Database: LevelDB (from the previous part)

Refer to code here

Code

1. Importing Required Modules

import subprocess
import time
import threading
import uuid

• Imports: We import necessary libraries such as subprocess to execute IPFS commands, threading to handle concurrent tasks, and uuid to generate unique identifiers for each node.
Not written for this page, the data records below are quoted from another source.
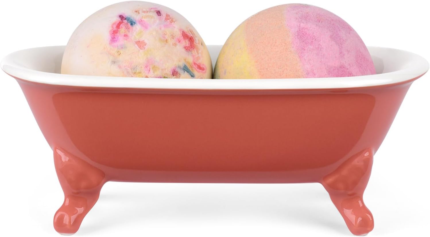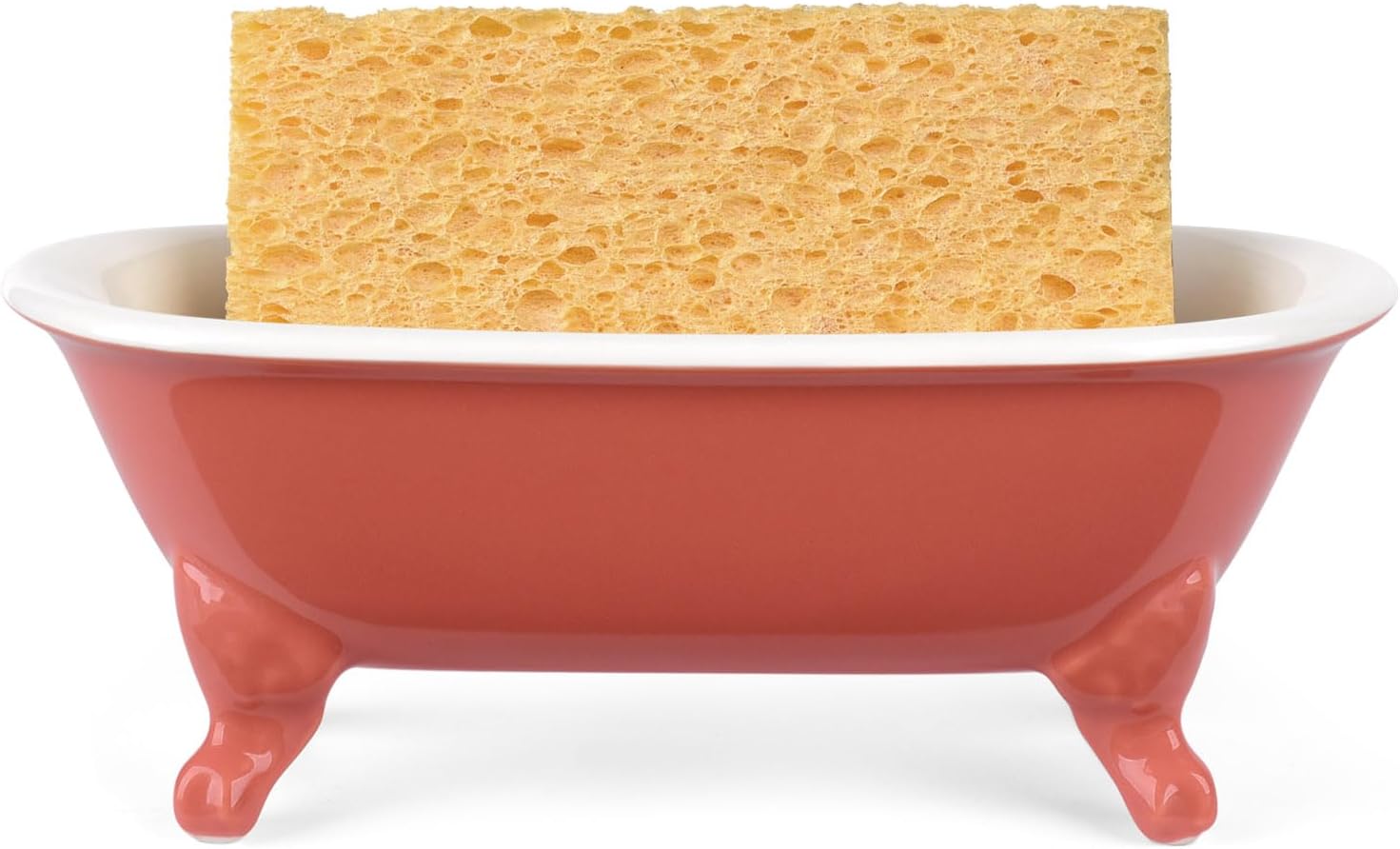 6.5" Ceramic Mini Decorative Clawfoot Bathtub Bar Soap Dish, Kitchen Sponge Holder and Shower Tray for Bathroom, 1 Pack(Coral)
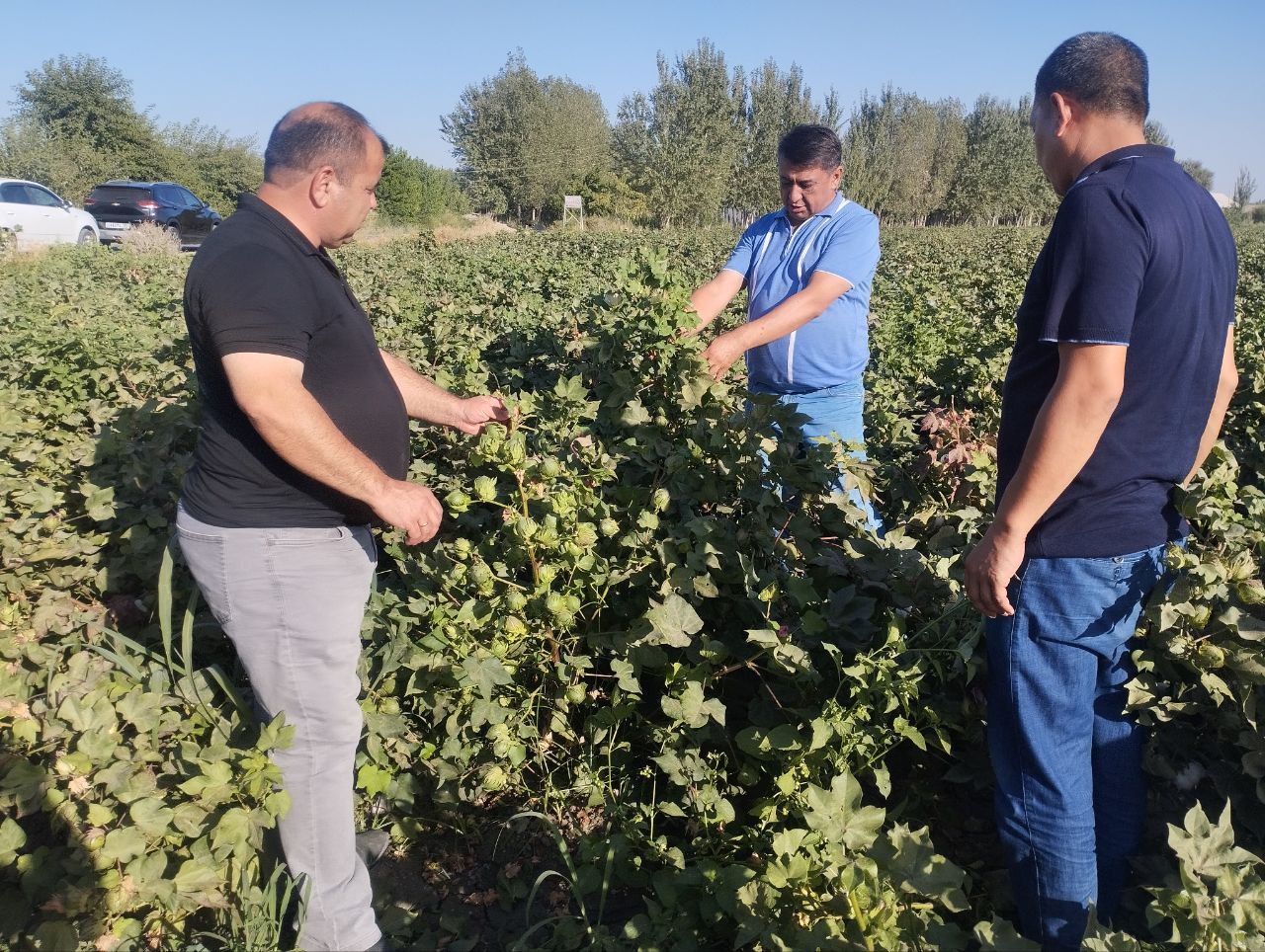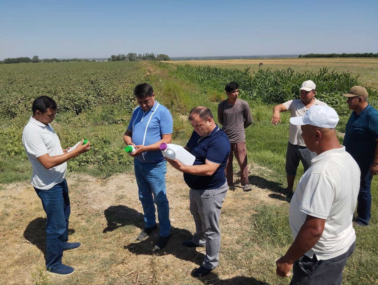 G‘o‘za maydonlarida defoliatsiya: “Etefon” preparati qo‘llanilmoqda O‘simliklar karantini va himoyasi Agentligi boshqarma boshlig‘i Sh. Xudoyberdiev hamda viloyat boshqarmasi boshlig‘i Sh. Urazovlar Ishtixon tumanidagi g‘o‘za maydonlarida olib borilayotgan defoliatsiya tadbirlarini nazorat qildil
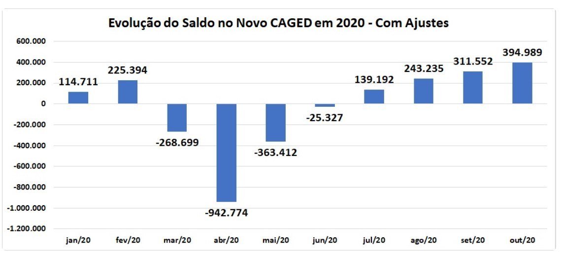 O ministro da Economia, Paulo Guedes, afirmou que o resultado de outubro foi o melhor da série histórica do Caged, iniciada em 1992. “Esse mês de outubro foi o mês em que geramos mais empregos na série histórica do Caged. Desde 1992, o Brasil não criava tantos empregos em um mês. Tivemos quase 400 mil empregos, 394 mil empregos. Então, a economia brasileira continua retomando em V, em um ritmo acelerado”, disse Guedes.

2. Initializing IPFS class

class IPFSClient:
    def __init__(self, topic):
        self.topic = topic
        self.id = str(uuid.uuid4())  # Unique identifier for each instance

• Class Initialization: The IPFSClient class manages the P2P communication. Each instance is identified by a unique UUID, which is useful for distinguishing between different nodes in the network.

3. Subscribe function

def subscribe(self):
    # Use subprocess to run the IPFS CLI command to subscribe to the topic
    process = subprocess.Popen(
        ["ipfs", "pubsub", "sub", self.topic],
        stdout=subprocess.PIPE,
        stderr=subprocess.PIPE,
        text=True
    )
    print(f"Subscribed to topic: {self.topic}")
    
    # Continuously listen to messages from the topic
    while True:
        print("Waiting for message")
        time.sleep(5)
        output = process.stdout.readline()
        if output:
            print(f"Received message: {output}")

Subscribe Function:

• Topic Subscription: This function subscribes to a specified IPFS topic using the ipfs pubsub sub command.
• Listening for Messages: It continuously listens for incoming messages on the topic and prints any received messages to the console.
• Sleep Interval: Similar to publishing, a sleep interval is used to prevent high CPU usage.

4. Publish function

def publish(self, message):
    while True:
        # Create a message with the unique ID
        # message = f"Message from {self.id}: Hello from IPFS!"
        message = message

        # Use subprocess to run the IPFS CLI command to publish the message
        process = subprocess.run(
            ["ipfs", "pubsub", "pub", self.topic, message],
            capture_output=True,
            text=True
        )
        
        if process.returncode == 0:
            print(f"Published message: {message}")
        else:
            print(f"Failed to publish message: {message}, Error: {process.stderr}")
        
        # Sleep before the next publish
        time.sleep(5)

Publish Function:

• Message Publishing: This function continuously publishes messages to a specified IPFS topic. The message is sent using the IPFS CLI command ipfs pubsub pub.
• Error Handling: If the message fails to publish, the error is captured and printed.
• Sleep Interval: A sleep interval of 5 seconds is used to control the frequency of message publishing.

5.Main “run” function

def run(self):
    try:
        # Start both publishing and subscribing in parallel using threads
        publish_thread = threading.Thread(target=self.publish)
        subscribe_thread = threading.Thread(target=self.subscribe)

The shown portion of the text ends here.